- _What this task involves_:
Exactly the lines from the one containing "Mit diesem Bausatz" through the one containing "キッチンに「ALTENA ク" in the listing below are to be copied, with the pictures left out.

- _Record excerpts_:
----

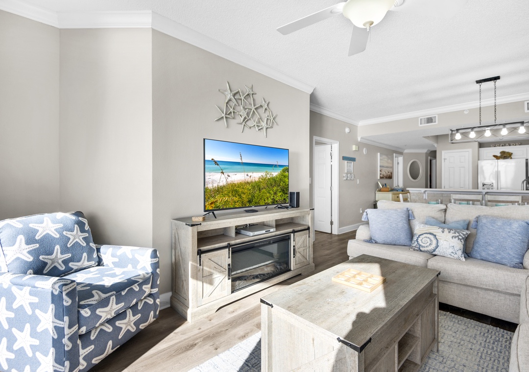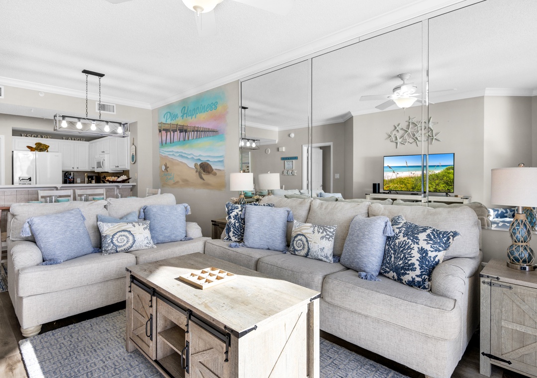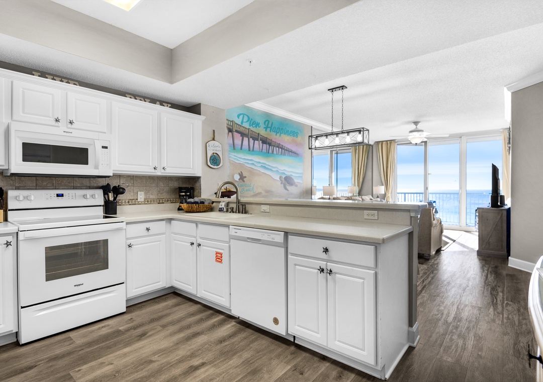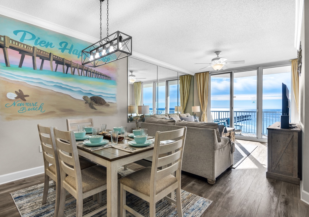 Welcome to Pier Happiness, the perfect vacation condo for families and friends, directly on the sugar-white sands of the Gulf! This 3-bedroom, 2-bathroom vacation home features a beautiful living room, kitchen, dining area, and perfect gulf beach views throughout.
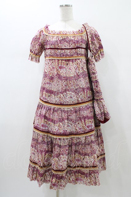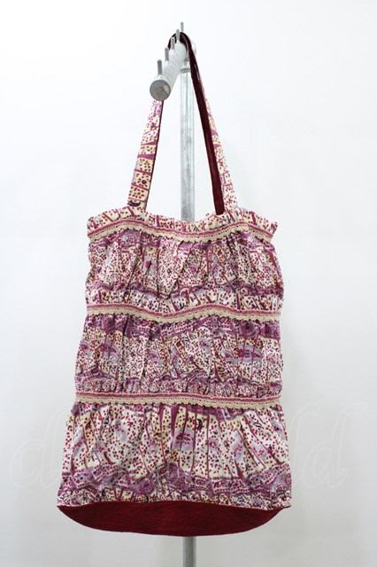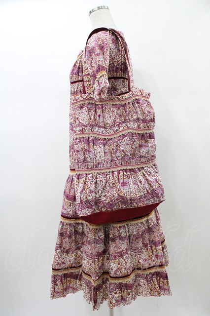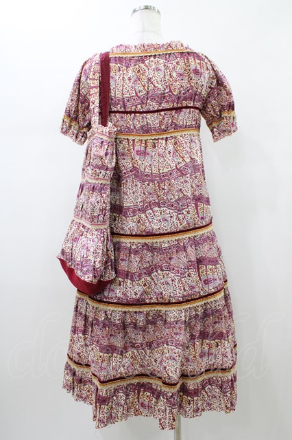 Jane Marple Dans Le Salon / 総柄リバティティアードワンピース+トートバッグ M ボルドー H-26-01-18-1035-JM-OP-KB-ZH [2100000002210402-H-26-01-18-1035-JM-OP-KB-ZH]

----

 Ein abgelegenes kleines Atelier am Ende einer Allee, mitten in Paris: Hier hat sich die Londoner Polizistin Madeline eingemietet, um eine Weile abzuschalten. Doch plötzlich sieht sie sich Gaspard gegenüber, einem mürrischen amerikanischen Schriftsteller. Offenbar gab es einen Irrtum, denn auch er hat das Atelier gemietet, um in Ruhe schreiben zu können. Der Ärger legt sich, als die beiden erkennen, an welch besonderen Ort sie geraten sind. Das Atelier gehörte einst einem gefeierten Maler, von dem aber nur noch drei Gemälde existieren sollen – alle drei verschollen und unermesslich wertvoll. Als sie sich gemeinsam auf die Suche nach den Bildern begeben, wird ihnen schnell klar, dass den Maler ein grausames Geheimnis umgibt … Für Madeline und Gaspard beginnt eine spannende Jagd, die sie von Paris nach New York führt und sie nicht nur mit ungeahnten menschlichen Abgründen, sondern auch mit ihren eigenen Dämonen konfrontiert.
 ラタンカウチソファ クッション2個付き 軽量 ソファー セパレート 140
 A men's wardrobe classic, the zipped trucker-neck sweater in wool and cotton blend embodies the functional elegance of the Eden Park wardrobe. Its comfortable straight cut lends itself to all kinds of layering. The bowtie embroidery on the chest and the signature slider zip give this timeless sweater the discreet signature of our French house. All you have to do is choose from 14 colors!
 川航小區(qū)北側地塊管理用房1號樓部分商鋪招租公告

----

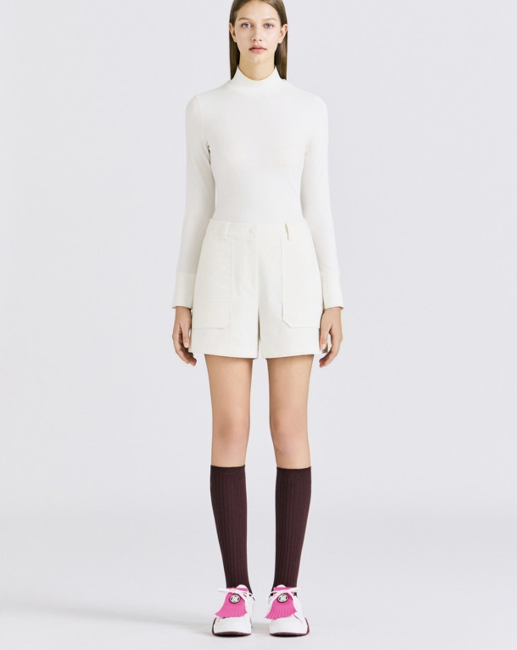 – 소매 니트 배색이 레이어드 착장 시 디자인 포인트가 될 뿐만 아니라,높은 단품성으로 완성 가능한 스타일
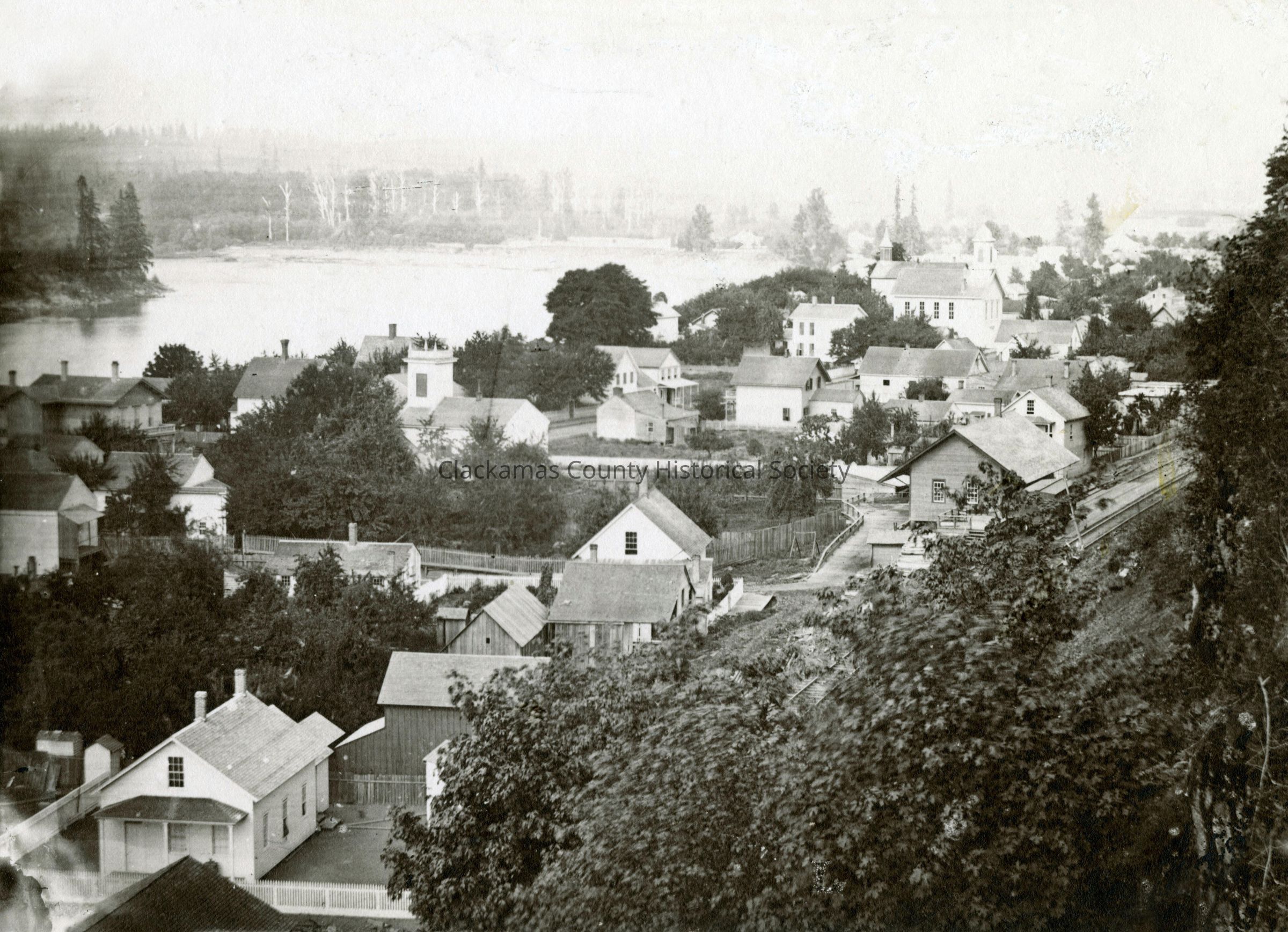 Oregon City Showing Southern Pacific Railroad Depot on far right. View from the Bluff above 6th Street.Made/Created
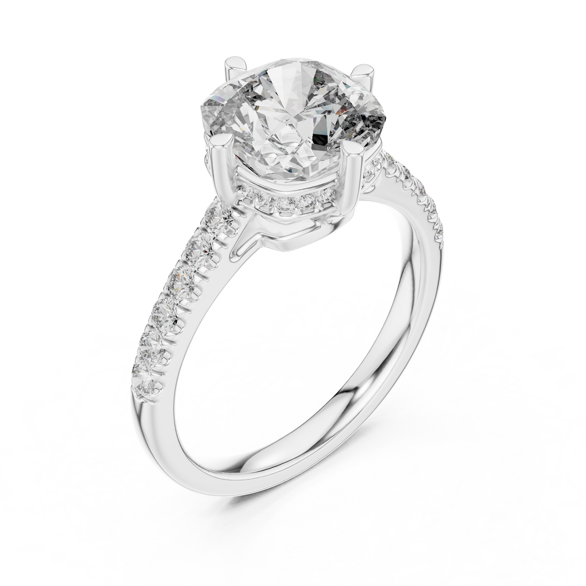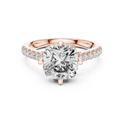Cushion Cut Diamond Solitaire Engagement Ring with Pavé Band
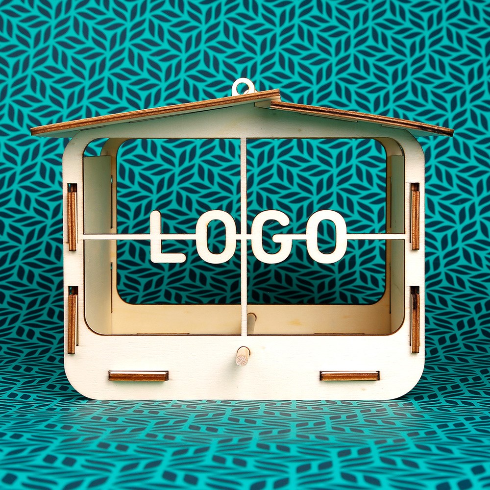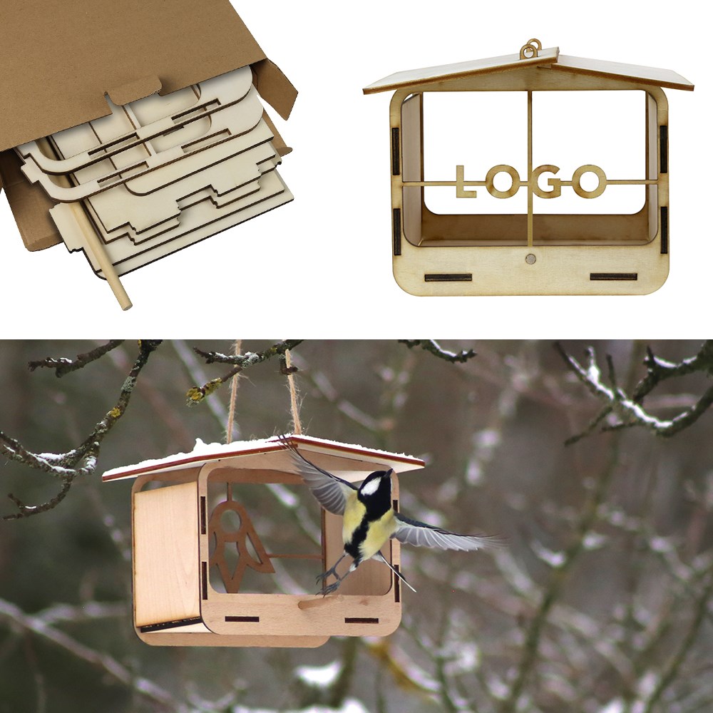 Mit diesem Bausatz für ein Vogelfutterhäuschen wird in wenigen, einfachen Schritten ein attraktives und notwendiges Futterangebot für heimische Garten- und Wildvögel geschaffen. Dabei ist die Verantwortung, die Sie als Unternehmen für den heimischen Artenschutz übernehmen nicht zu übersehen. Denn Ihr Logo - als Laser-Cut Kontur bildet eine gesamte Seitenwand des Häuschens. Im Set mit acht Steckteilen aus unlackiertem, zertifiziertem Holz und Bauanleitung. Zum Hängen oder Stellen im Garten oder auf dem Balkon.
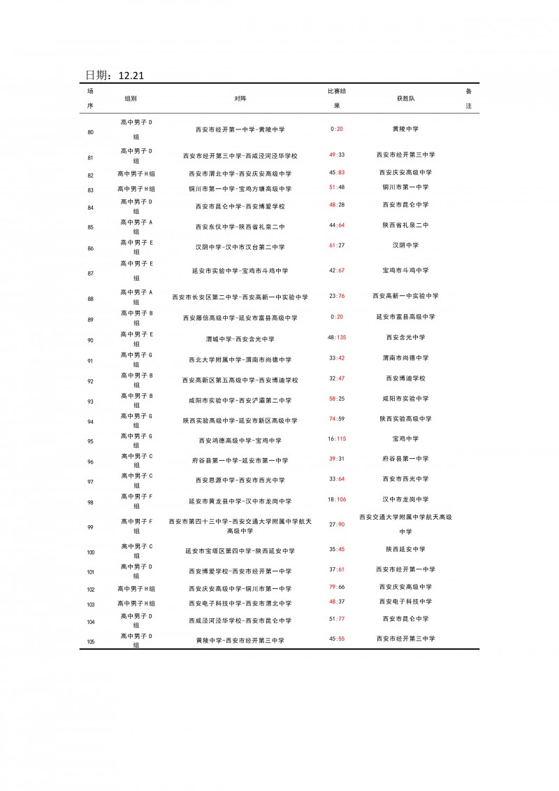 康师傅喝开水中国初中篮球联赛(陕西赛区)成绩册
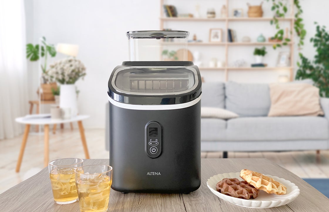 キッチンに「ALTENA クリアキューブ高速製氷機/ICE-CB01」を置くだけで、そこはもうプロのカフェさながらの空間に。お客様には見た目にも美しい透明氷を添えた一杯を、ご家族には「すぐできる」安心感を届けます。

----

- _Answer section_:
 Mit diesem Bausatz für ein Vogelfutterhäuschen wird in wenigen, einfachen Schritten ein attraktives und notwendiges Futterangebot für heimische Garten- und Wildvögel geschaffen. Dabei ist die Verantwortung, die Sie als Unternehmen für den heimischen Artenschutz übernehmen nicht zu übersehen. Denn Ihr Logo - als Laser-Cut Kontur bildet eine gesamte Seitenwand des Häuschens. Im Set mit acht Steckteilen aus unlackiertem, zertifiziertem Holz und Bauanleitung. Zum Hängen oder Stellen im Garten oder auf dem Balkon.
 康师傅喝开水中国初中篮球联赛(陕西赛区)成绩册
 キッチンに「ALTENA クリアキューブ高速製氷機/ICE-CB01」を置くだけで、そこはもうプロのカフェさながらの空間に。お客様には見た目にも美しい透明氷を添えた一杯を、ご家族には「すぐできる」安心感を届けます。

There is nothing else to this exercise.